Je suis très sceptique aussi, parce qu’on a rêvé de beaucoup de 2.0 et on récupère le modèle le plus centralisé de l’histoire, avec les superpuissances du Net. Cet échec va bien au-delà de la littérature, c’est un refus de transiter vers une autre société. J’espère que ce refus est provisoire parce que sans transition je ne vois pas ce qui nous attend de bon.

Je crois que la nature 2.0 ou non de l’Editor (par opposition au Publisher) est accessoire, parce c’est une tâche technique, mais simple, qui n’a pas besoin de transversalité et de beaucoup d’intelligence collective.
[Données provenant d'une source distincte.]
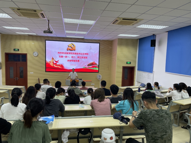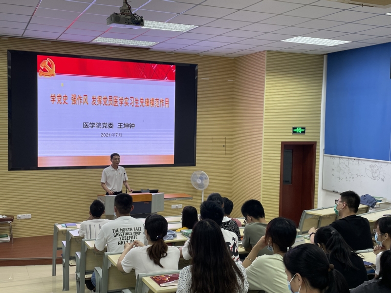 为庆祝中国共产党成立100周年,进一步加强党史学习教育,加强和改进党的作风建设,根据《中共中央关于在全党开展党史学习教育的通知》《厦门大学党史学习教育实施方案》等文件精神,7月4日晚,医学院党委副书记王坤钟于第一医院科研教学楼401为第一医院研究生第一、第二、第三党支部全体党员、入党积极分子讲授 “学党史、强作风,发挥党员先锋模范作用”专题党课。本次专题党课由医学院研究生辅导员、第一医院研究生第一党支部书记许丽婷主持。

Bouilhet a joué ce rôle d’Editor pour Flaubert, ce n’était pas un professionnel de l’édition. Que je sache, Proust n’a jamais travaillé avec un Editor. Et Montaigne pas d’avantage. Donc, nos besoins d’auteur sont très variables. Je n’ai aucune envie qu’un Editor glisse son nez dans mes billets de blogs, je veux qu’ils restent rugueux, bruts, j’accepte les corrections, mais rien de plus. Je suis plus ouvert dans les textes longs, déjà parce que je les réécris beaucoup moi-même. Donc, pour un même auteur, les besoins varient.
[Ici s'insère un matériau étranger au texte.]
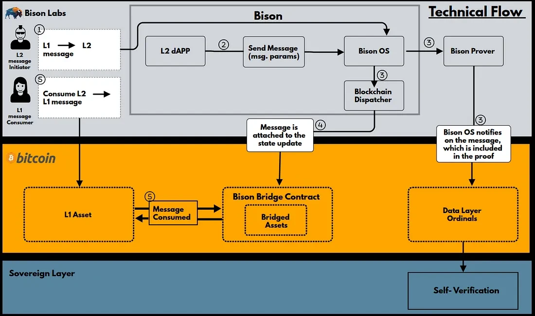 Bison 采用主权 rollup 风格来实现其比特币 L2。Bison 实现了使用 STARKs 的 zk rollup,并使用 Ordinals 作为机制将生成的 ZKP 和交易数据存储到 L1 中。由于比特币无法在 L1 上验证这些证明,验证被委托给用户,他们在自己的设备上验证 ZKP。从这个意义上说,Bison 更像是一个 Optimistic Rollup,但没有欺诈证明。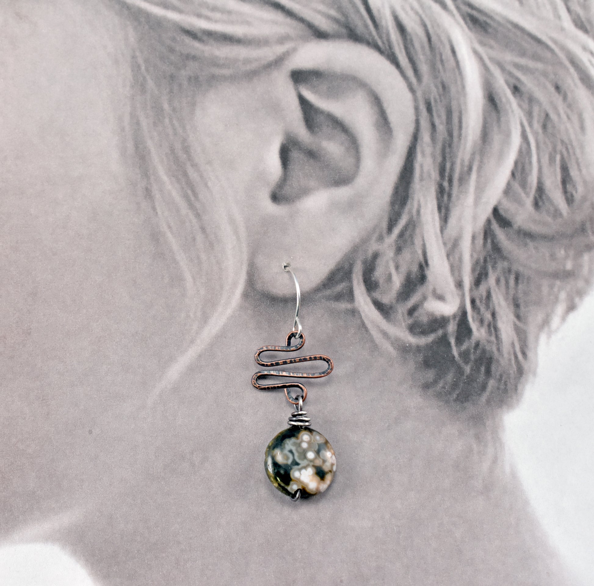 Ocean Jasper Mixed Metal Earrings, Unique Green Stone and Copper Wire Jewelry

Je ne réfléchis jamais à l’écriture en terme de modèle économique. Sans doute parce que j’ai la chance d’être à l’équilibre, même sans grand succès. En revanche, je pense beaucoup à la réussite d’un texte, à ce qu’il trouve un public, qu’il le bouge… Dans ce domaine les Editors montrent souvent leur incompétence (encore cette histoire des textes glorieux initialement rejetés).

Pour nous, la chose nouvelle c’est cette possibilité d’expérimenter en même temps plusieurs modèles. Avec ou sans Ediror, avec ou sans Publisher. Je trouve ridicule de se fermer une porte, souvent par aigreur ou parce que tout simplement elle refuse de s’ouvrir. Il faut expérimenter, c’est ça l’écriture.